L'antiquité de cette planète avait pourtant vu se développer des systèmes philosophiques et une culture artistique, assez comparables à la situation en Grèce, quoique d'un style très différent. Sur d'autres continents étaient aussi apparues des civilisations originales, et de nouvelles religions avaient commencé à prôner une vie basée sur le respect et l'amour d'autrui. L'esclavage avait même été sur le point d'être aboli par un empereur plus éclairé, mais trop vite assassiné... par un esclave qui craignait de «perdre son identité» si il n'avait plus de maître! Quand, quelques dizaines d'années plus tard, le cruel pouvoir scientiste se mit en place, toutes les religions furent persécutées. Mais, contrairement à ce qui s'est passé sur Terre avec les disciples de Christ, ils ne purent se maintenir, ils disparurent, comme ont disparu les Druides, les Cathares ou la douce civilisation crétoise. Pire, les scientistes développèrent une forme de «psychologie» spécialement destinée à contrer ce genre de religions et les sentiments humains compassionnés et altruistes qu'elles produisent, exaltant au contraire la «libération» de l'égocentrisme et du désir de jouissance personnel. Et, pour jouir, il fallait posséder, il fallait s'imposer, il fallait gagner, il ne fallait pas être «un faible». Ils étaient très fiers des résultats obtenus sur la caste des maîtres, grâce à l'«éducation» qu'ils donnaient à leurs adolescents. Leurs connaissances en neurologie et en génétique leur permettaient maintenant d'entreprendre des recherches sur le cerveau, afin de le «purifier» de tous les sentiments «irrationnels», recherches qui, on s'en sera douté, consommaient beaucoup d'esclaves, rendus fous et ensuite revendus à des centrales nucléaires où ils mouraient comme des mouches. Ainsi, au moment où la Terre commença à observer Ouarkatan, les seuls opposants visibles étaient les derniers «sauvages», menacés d'extinction à court terme, à moins qu'ils ne subsistent dans des réserves de chasse, terrorisés, tentant en vain de trouver des cachettes sûres ou d'échapper aux détecteurs infrarouges des chasseurs.

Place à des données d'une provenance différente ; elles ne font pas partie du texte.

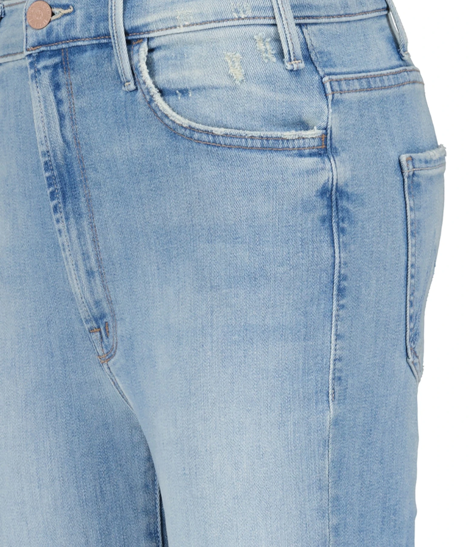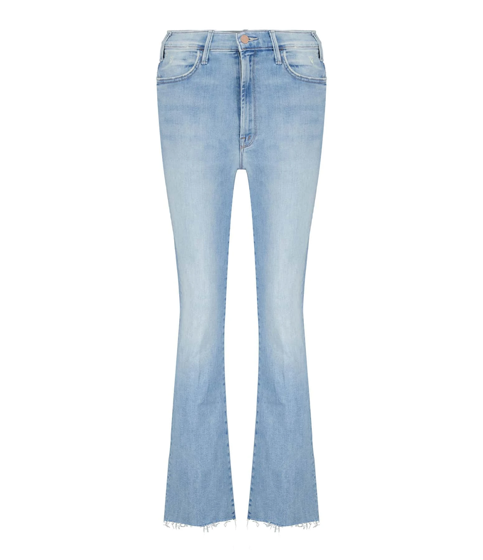 Pantalon en denim de coton bleu clair délavé. Taille haute avec passants pour ceinture. Braguette zippée et boutonnée. Deux poches italiennes sur le devant. Deux poches plaquées dans le dos. Coupe flare. Base droite avec bords effilochés.

Mais le plus révoltant paradoxe fut que, malgré cet incroyable étalage de cruauté et de perversité, les penseurs terriens mirent longtemps à admettre que le régime politique ouarkien était un régime fachiste. Il fut en effet difficile de comprendre, surtout chez les intellectuels «de gauche», les «libertaires» et les capitalistes, qu'il ne s'agissait pas d'un fachisme autoritaire classique, comme le nazisme terrien de sinistre mémoire, mais au contraire d'un fachisme «libéral», simple extrapolation du capitalisme occidental du 20eme siècle ou de la «liberté» des crado-punks des années 1980-2000. En effet les attaques contre les gens et les atteintes à la liberté n'y étaient pas imposées au nom de l'ordre et du pouvoir, mais au nom de la liberté et de la jouissance égocentrique, voire du «développement personnel». Que cela mène à exactement le même résultat que le nazisme remettait durement en cause beaucoup de mouvements sociaux qui se prétendaient progressistes, mais qui en réalité ne préconisaient que l'égocentrisme et de la jouissance immédiate au détriment des autres. Aussi le statut exact de Ouarkatan fut longtemps objet de débats, certains persistant à y voir une forme de paradis «libertaire» idéal. Même si tout le monde sait très bien que le les deux livres «1984» d'Orwell et «Le Meilleur des Mondes» d'Huxley finissent pareil...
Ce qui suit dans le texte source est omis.